Proprietary layer 2 intelligent routing protocols determine the dynamic routes based upon measurement of traffic, signal strength, hops, and other parameters.
Although a WLAN mesh network usually comprises a mesh of repeater-like access points that all operate on one frequency, dual-band mesh routers also exist.
With dual-band WLAN mesh routers, typically the 802.11a radios are used for the mesh infrastructure and to provide backhaul while the 802.11b/g radios are used to provide access to the client stations.
Although the 802.11s Task Group is currently working on standardizing WLAN mesh networking, all current vendor solutions are proprietary.
Enterprise Encryption Gateway
An enterprise wncryption gateway (EEG) is an 802.11 middleware device that provides for segmentation and encryption. The EEG typically sits behind several fat access points and segments the wireless network from the protected wired network infrastructure.

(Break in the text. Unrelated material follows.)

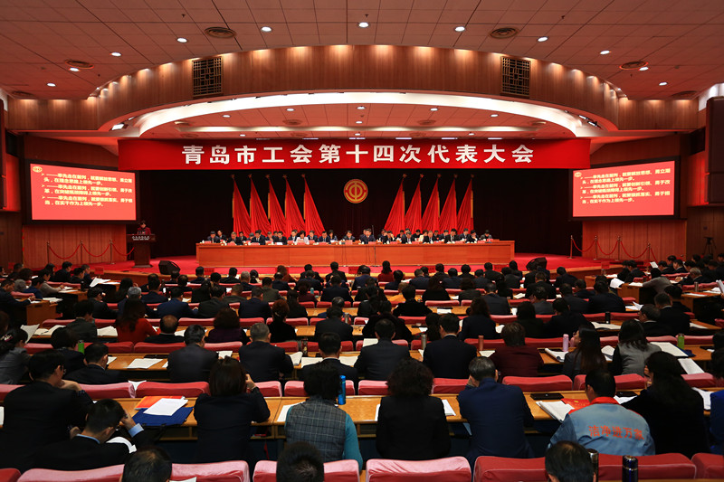 12月17日上午,青岛市工会第十四次代表大会在市级机关会议中心三楼会堂召开全体代表大会,市人大常委会副主任、市总工会主席刘圣珍代表青岛市总工会第十三届委员会作报告。市总工会党组书记、常务副主席彭建国主持会议。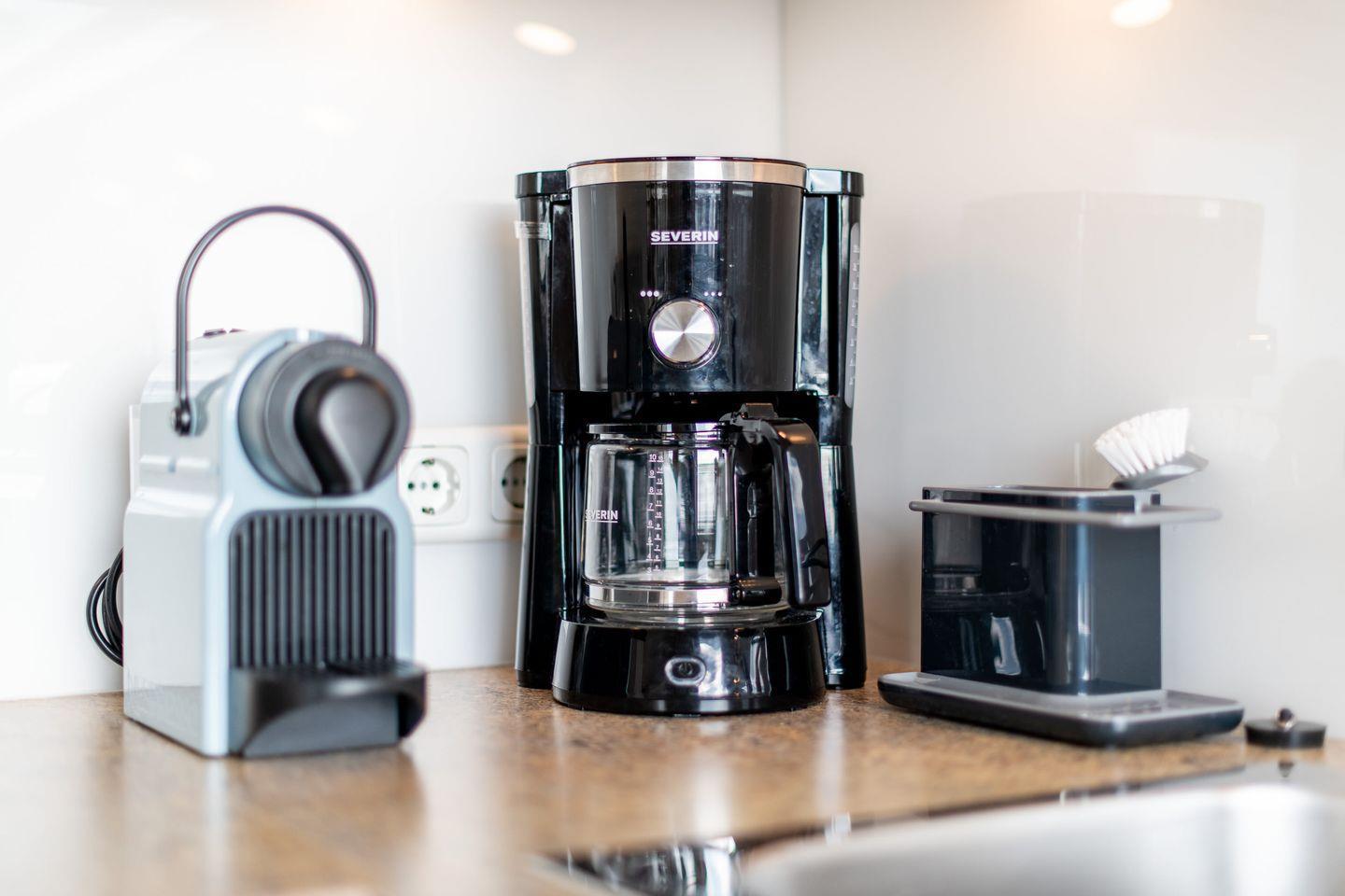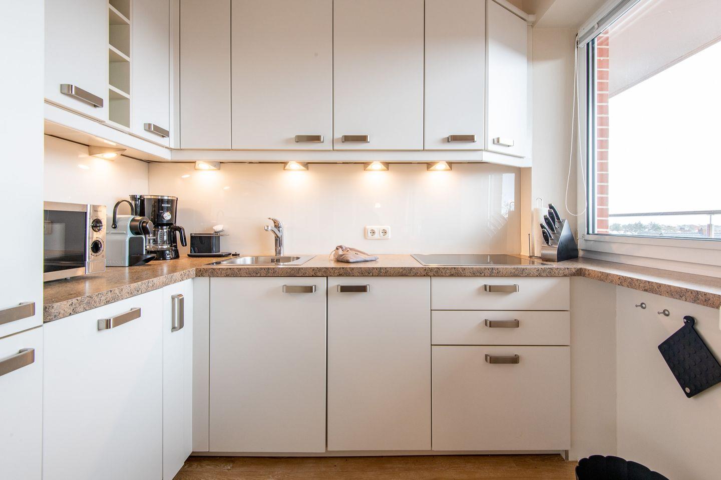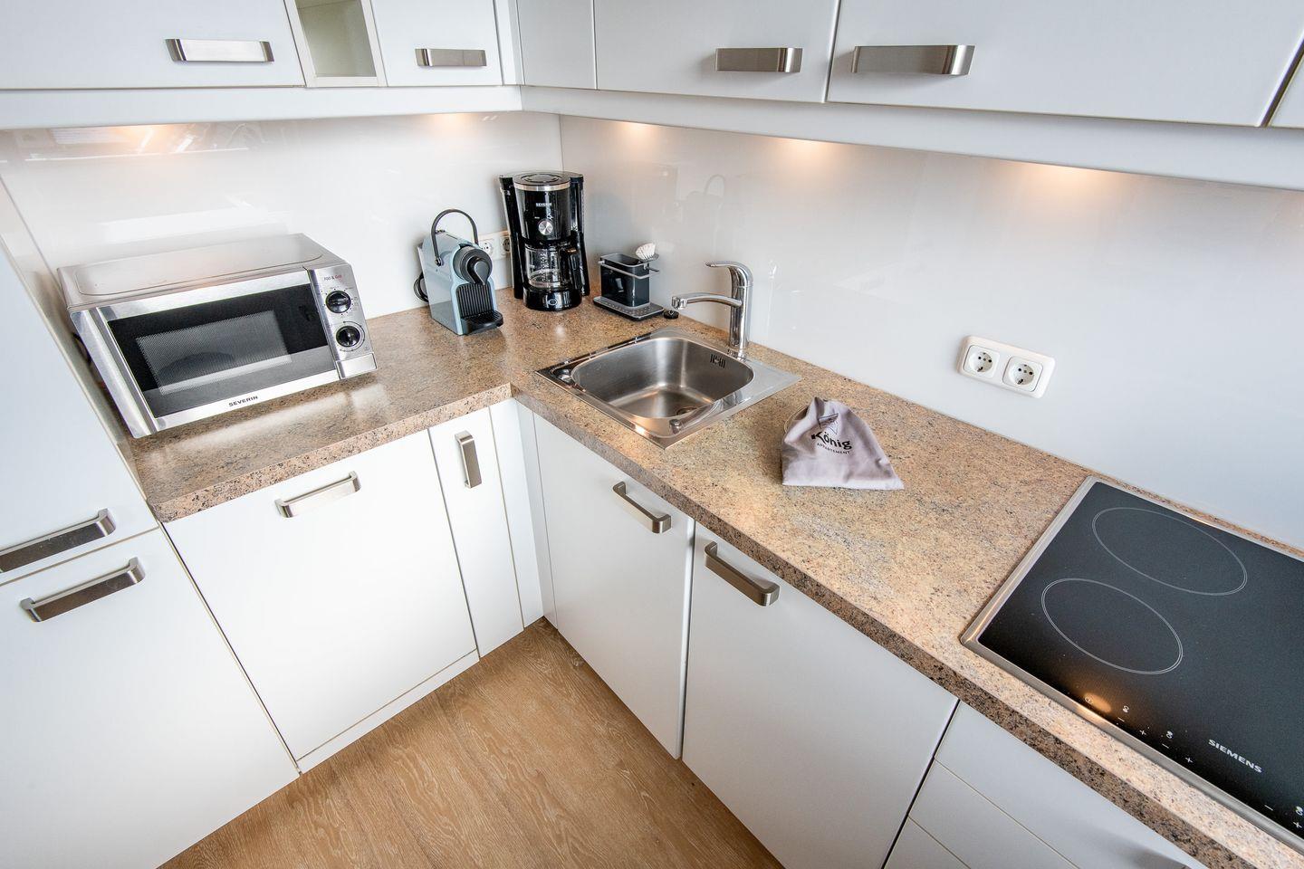 Die moderne, offene Küche ist vollständig ausgestattet und bietet alles, was Sie für Ihre Mahlzeiten benötigen. Zur Ausstattung gehören ein Cerankochfeld, ein Geschirrspüler, eine Filterkaffeemaschine sowie eine Nespresso-Maschine.

Proprietary encryption technology using the AES algorithm at layer 2 is provided by the enterprise encryption gateway. Figure below shows a picture of an EEG.
All the access points are managed from the unencrypted side of each gateway and special client software is required for the end user client stations.
EEGs can also offer data compression and are typically certified to meet government security regulations such as FIPS 140-2. A central management server is also used so that user and device authentication methods are also provided.
Virtual AP System
One major wireless switching provider has a system know as a virtual AP. A virtual access point solution uses multiple access points that all share a single basic service set identifier (BSSID) MAC address.
Because the multiple access points advertise only one single virtual MAC address (BSSID), client stations believe they are connected to only a single access point, although they may be actually roaming across multiple APs.
The main advantage is that clients experience a “zero handoff” time and many of the latency issues associated with roaming are resolved.
All the handoff and management is handled by a central WLAN switch. It should be understood that a virtual AP solution is extremely proprietary and operates way outside of the defined 802.11 standard.